Assigned task: Only an exact repetition of the lines from the one holding "Majitelka galerie Ema" to the end of the data is wanted, with pictures left out.

Record set:
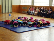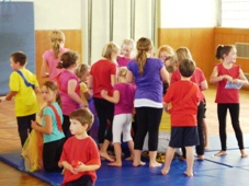 Schulturnstunde“ nach dem Unterricht eingeführt. Vor über 70 Zuschauern führten die Kinder ihr Gelerntes vor und dies wunderbar eingepackt in eine musikalisch unterstützte Show. Die Kinder turnten zu „We are the Champions“ zum „Fußball-WM-Song“ und zu einigen weiteren Klassikern. Zum Abschluss gab´s für die Besucher Blumen von den Kindern und für die alle Kinder gab´s ein Eis. Ein großes Kompliment an alle Bambinis und besonders ihrer Trainerin Alexandra Türk – weiter so. |
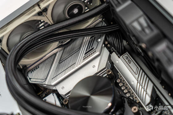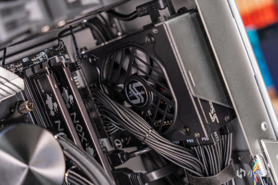这次的装机配置上使用了微星MAG B760M MORTAR WIFI 迫击炮主板,它采用微星第三代钛金电感和12相75A规格的供电,配合双8P的CPU供电接口应付即将到来的14900K也是没有问题的,而此次搭建的无光小主机使用了13700KF,散热采用的是abee APEX PLUS i240无光铝合金水冷,240冷排下可达到400W TDP。使用的显卡是来自影驰的4060金属大师OC,银色铝合金机箱搭配银色的金属大师,浑然一体。使用的内存也是无光的,来自宇瞻的NOX 暗黑马甲 DDR5 6400套装。固态硬盘是使用8通道群联PS5018-E18主控的影驰HOF EXTREME 1TB。电源为SFX规格小钢炮来自海韵的全日系电容、第4代数字IC温控技术、新一代制程工艺和10年质保的SGX-750。最后为了照顾整体散热均衡,底部加装3把利民TL-B8进风,尾部加装2把利民TL-B8出风,并都限速1000转静音的目的。
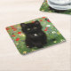 Papier Untersetzer mit einem Gustav Klimt Kitten! Dieses schwarze Kätzchen trägt einen silbernen Kragen und sitzt in einem Feld aus roten, blauen, weißen und gelben Blumen. Ein wunderbares Geschenk für Katzenliebhaber und österreichische Kunstliebhaber!
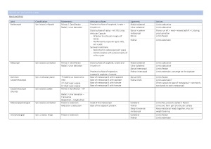 End of semester 2 revision tables for ANAT102. Includes joints of the upper limb - hand and wrist, elbow + radioulnar, shoulder; muscles of the hand, Thenar eminence, hypothenar eminence, forearm, shoulder, elbow, pectoral girdle; nerve supply of the upper limb - brachial plexus, nerve courses, upper limb myotomes and dermatomes; vertebrae characteristics, joints, ligaments and movements of the vertebral column, joints of the cervical spine, joints and muscles of the thoracic cage, respiratory muscles, muscles moving the trunk, muscle groups of the back (erector spinae, Transversospinalis, Unisegmental, muscles of the neck and head, functional anatomy of the vertebral column, skull, muscles of mastification and facial expression, cranial nerves, swallowing stages.
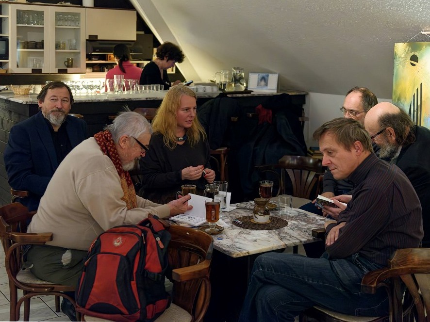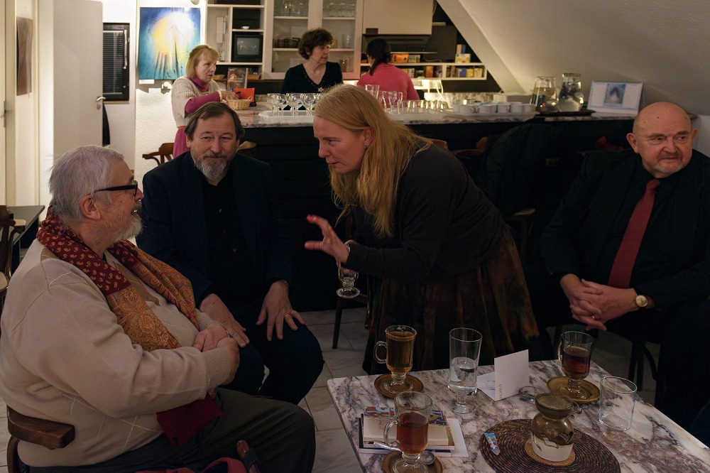 Majitelka galerie Ema Hajná přivítala přítomné spisovatele a další hosty a Olga Nytrová pronesla své zamyšlení nad vznikem a významem „Dialogu“. Poté se ujal slova karlínský farář Jiří Vaníček.
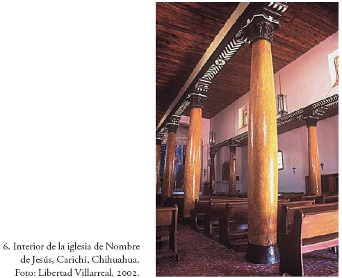 Ha desaparecido la pintura original en su interior, pero la iglesia de Carichí con sus columnas de troncos de pino existe todavía (fig. 6). Parece que De los Santos y probablemente algunos maestros u oficiales que trabajaban con él utilizaron en Carichí algunos de los mismos recursos de carpintería y pintura que vemos en Cuevas y en otras misiones. Hay que concluir que la construcción de Santa María de Cuevas, probablemente llevada a cabo entre 1678 y 1692, pese a tener un tipo relativamente sencillo en su estructura fundamental, se inserta en una historia de ambiciones arquitectónicas de los jesuitas en la región hacia finales del siglo XVII. En Cuevas estos anhelos se concentraron en el adorno del templo de la misión, emprendido en los años posteriores a su construcción.

Written answer:
 Majitelka galerie Ema Hajná přivítala přítomné spisovatele a další hosty a Olga Nytrová pronesla své zamyšlení nad vznikem a významem „Dialogu“. Poté se ujal slova karlínský farář Jiří Vaníček.
 Ha desaparecido la pintura original en su interior, pero la iglesia de Carichí con sus columnas de troncos de pino existe todavía (fig. 6). Parece que De los Santos y probablemente algunos maestros u oficiales que trabajaban con él utilizaron en Carichí algunos de los mismos recursos de carpintería y pintura que vemos en Cuevas y en otras misiones. Hay que concluir que la construcción de Santa María de Cuevas, probablemente llevada a cabo entre 1678 y 1692, pese a tener un tipo relativamente sencillo en su estructura fundamental, se inserta en una historia de ambiciones arquitectónicas de los jesuitas en la región hacia finales del siglo XVII. En Cuevas estos anhelos se concentraron en el adorno del templo de la misión, emprendido en los años posteriores a su construcción.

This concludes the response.